В самолёте, тыкая пальцем в журнал, у красной куколки-стюардессы попросил подарков детям: чебурашку с символикой олимпиады для малышки и ножик-открывалку с в выбитым на ней самолётом – сыну.

Небольшой, по испанским меркам средний город – тысяч на восемьдесят жителей, с вокзалом и торговыми центрами, современной застройкой и дробной, мелко нарезанной жизнью, не затухающей круглый год; но и с хорошей курортной составляющей: какая-то крепость, какая-то церковь, открыточные виды, белые отели на море, тысячелетний камень и новёхонький гранит на торговых улицах, гора, замок с химерами, паровозик, легенды…

Сынок посмуглел и вырос и выглядел теперь взрослее. Глазки, и правда, припухли от вечного купания в море.

Фигура – точь-в-точь его: те же ноги, чуть-чуть расходящиеся иксиком, острые плечи, та же храбрая кибальчишечья грудь, – лицо же унаследовал Жанкино, то есть таинственно-красивое, разбойничье.
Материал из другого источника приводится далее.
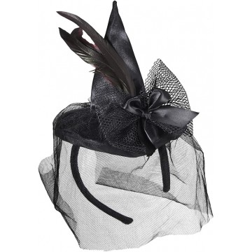 Bandolete com Mini Chapéu de Bruxa adornado com Penas e Véu, Todo em Preto. Acessório de tamanho único apra adulto.
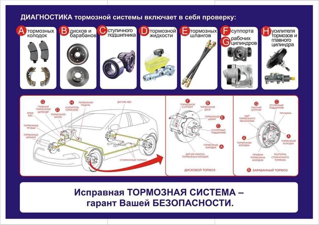 Диагностика тормозных систем автомобиля предусматривает выполнение ряда диагностических работ:
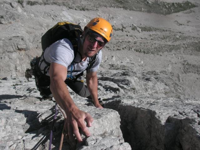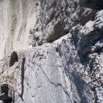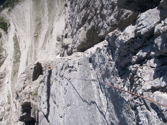 Absicherung besteht aus wenigen alten Bohrhaken und mehreren neuen Bühlerhaken. Letztere wurden durch die Bergrettung neu installiert.
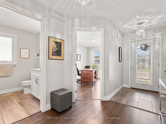 Welcome Home! This stunning brick and stone bungalow has been lovingly cared for and is ready to welcome its new family. Situated in a desirable neighborhood and backing onto a tranquil green space, this property is an ideal choice. The main floor features a spacious open-concept design with a kitchen, dining area, and living room that offers picturesque views of the surrounding trees and easy access to a spacious deck. The primary suite is a serene oasis with double closets and a roomy 4-piece ensuite, while the second bedroom serves as a functional home office with plenty of natural light. Additional features include a 4-piece bathroom, laundry room with garage access, and a beautifully finished basement designed with flexibility in mind. The basement highlights include a large rec room with a stone gas fireplace, hobby room, two spacious bedrooms, utility room, and 4-piece bathroom. Simply move in and make this beautiful home yours! Perfectly located within Town to enjoy all the stores, Presqu'ile Provincial Park, shopping, relaxing cafes, both public and high schools, 2 great grocery stores, sports arena, and many other local atrractions. Minutes to the 401 for anyone needing to commute.
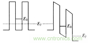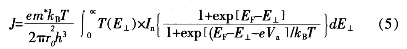 式中:e为电子电荷的大小,m*为GoAs电子的有效质量,kB为玻尔兹曼常数,T为绝对温度,EF为费米能级,E1为入射电子垂直(纵向)能量。
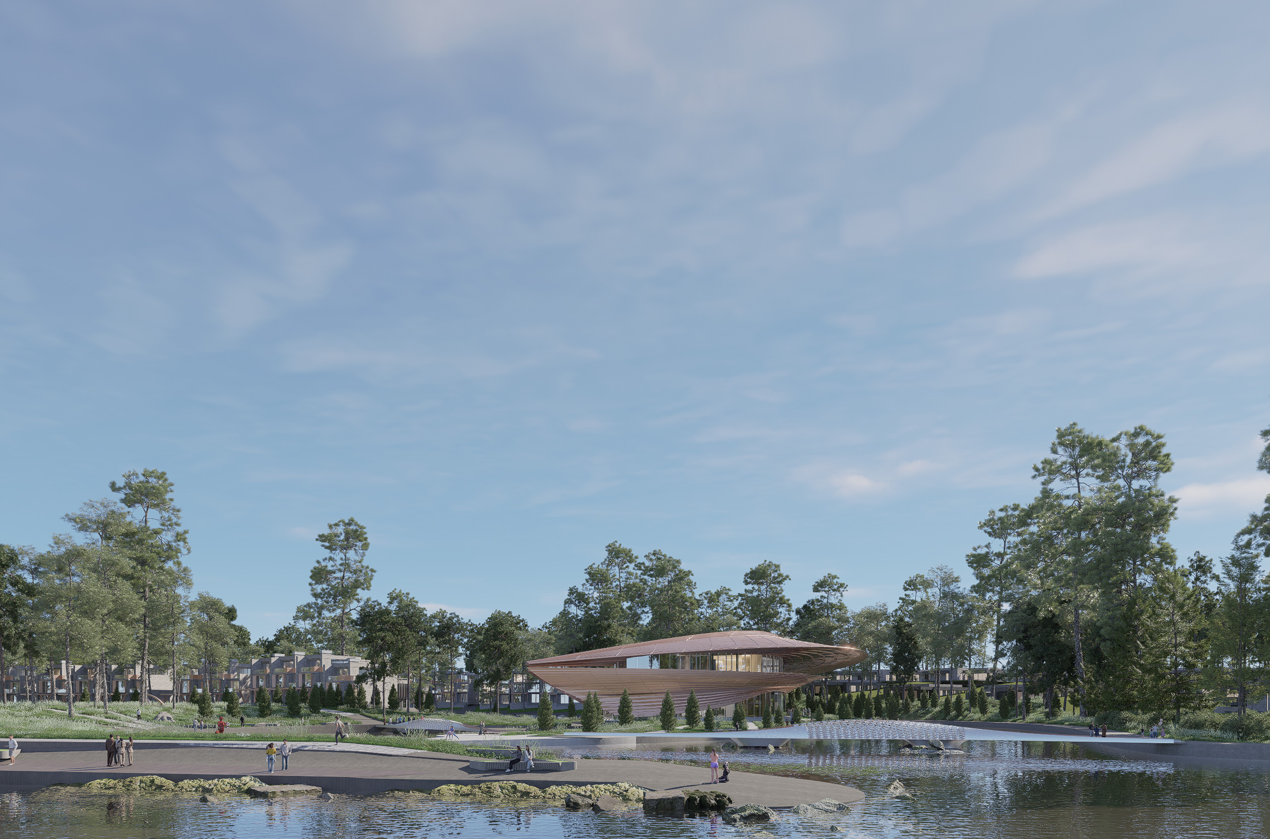 Волнообразная форма здания подчёркивает его связь с водой. Она напоминает форму кита или упавшего на воду золотистого листка. Золотисто-бронзовые панели служат ярким акцентом. Вытянутая форма обусловлена тем, что здание выполняет функцию моста, соединяющего два берега со сложным рельефом.

В минуту первых объятий ему сдавило горло и где-то в груди или в шее, куда нельзя добраться, что-то зачесалось, защекотало – шип? упругий волос? гибкое иглоподобное нечто? – и теперь мешало жить.
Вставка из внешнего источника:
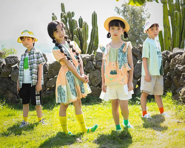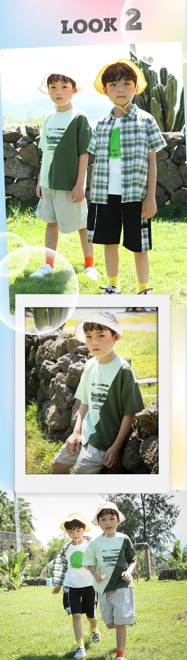 色彩主要以綠色為主,休閑寬松的版型T恤/襯衣,再點綴簡約英文字母,搭配一條西裝款休閑褲,街頭潮童形象清爽干凈,簡約時尚就是可愛一族。

Сын тоже соскучился: столько всего, где одному не разобраться! Залезть на гору, где крепость. Попасть на корабль: «папа, я знаю места, где корабль паркуется!». Всё большое и жуткое, как море или, к примеру, гора, это с папой. Сначала мальчик вводит в курс дела. Глядя немного в сторону, объясняет: значит так, зелёный флаг – купаться можно, жёлтый – значит, волны средние («схедние»), сигнал «внимание». Красный – это, папа, штоорм! купаться нельзя! «Даже мне?» – спрашивает он. «Даже тебе!» – усмехается сын, смущённо отводя глаза.

Через неделю после его приезда к ним присоединилась его мама.
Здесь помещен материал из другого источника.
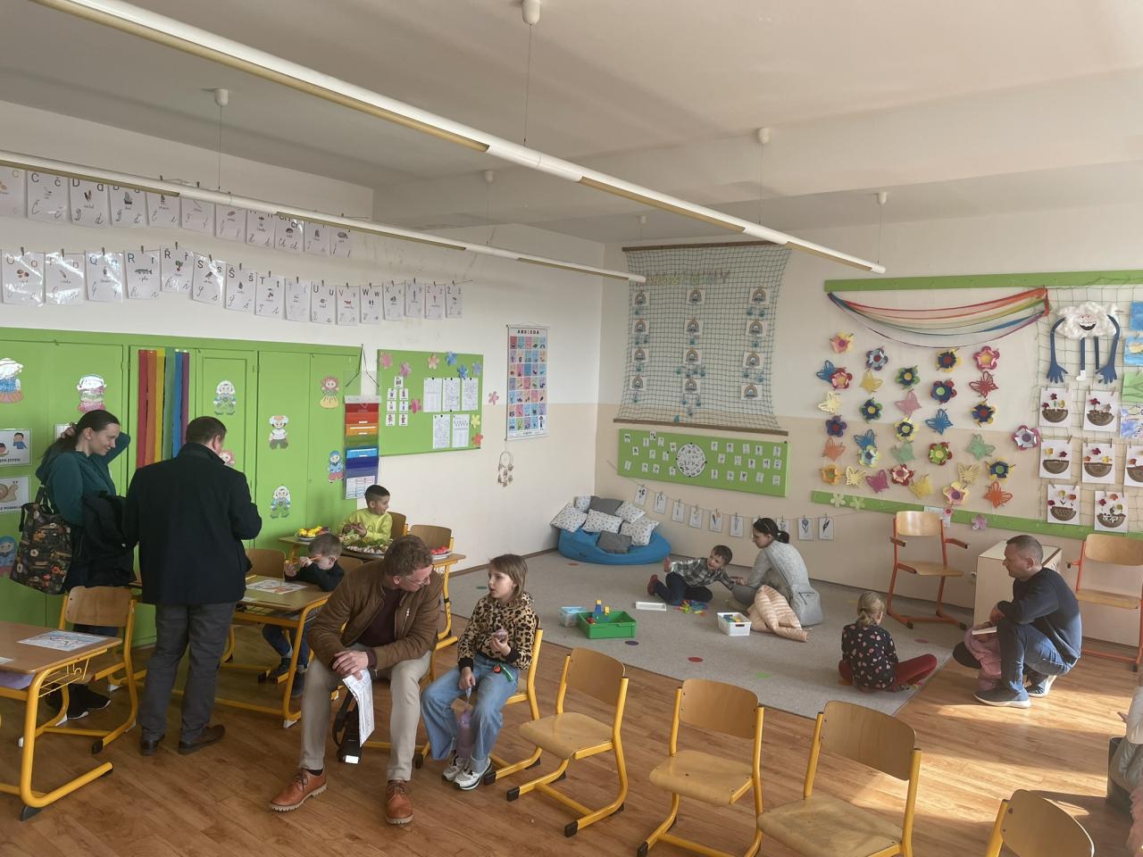 Po splnění všech úkolů se děti přesunuly do tříd, kde je přivítaly paní učitelky. V příjemném prostředí si společně povídali, kreslili, poznávali tvary, hledali první hlásku ve slově, nebo počítali a skládali kostky na koberci. Paní učitelky měly tak možnost poznat osobnost dítěte, jeho jazykové schopnosti, motoriku i chuť se zapojit do práce.

Мама… старшее поколение, но просто язык не поворачивается назвать её бабушкой. Она такая молодая и выглядит так современно! Работает в первоклассной заморской фирме с мировым именем и умудряется там добиваться карьерного роста. Иностранные языки, модные очки, подобранная со вкусом одежда… И вместе с тем в семье она – тихая русская женщина, работящая и жертвенная, живёт не для себя – для людей, и в первую очередь для семьи, мужа, детей и внуков.

Приехав к молодым на море, мама сразу взяла на себя домашние дела – готовила еду, поддерживала чистоту в их летнем жилище, крохотной скорлупе с белыми стенами.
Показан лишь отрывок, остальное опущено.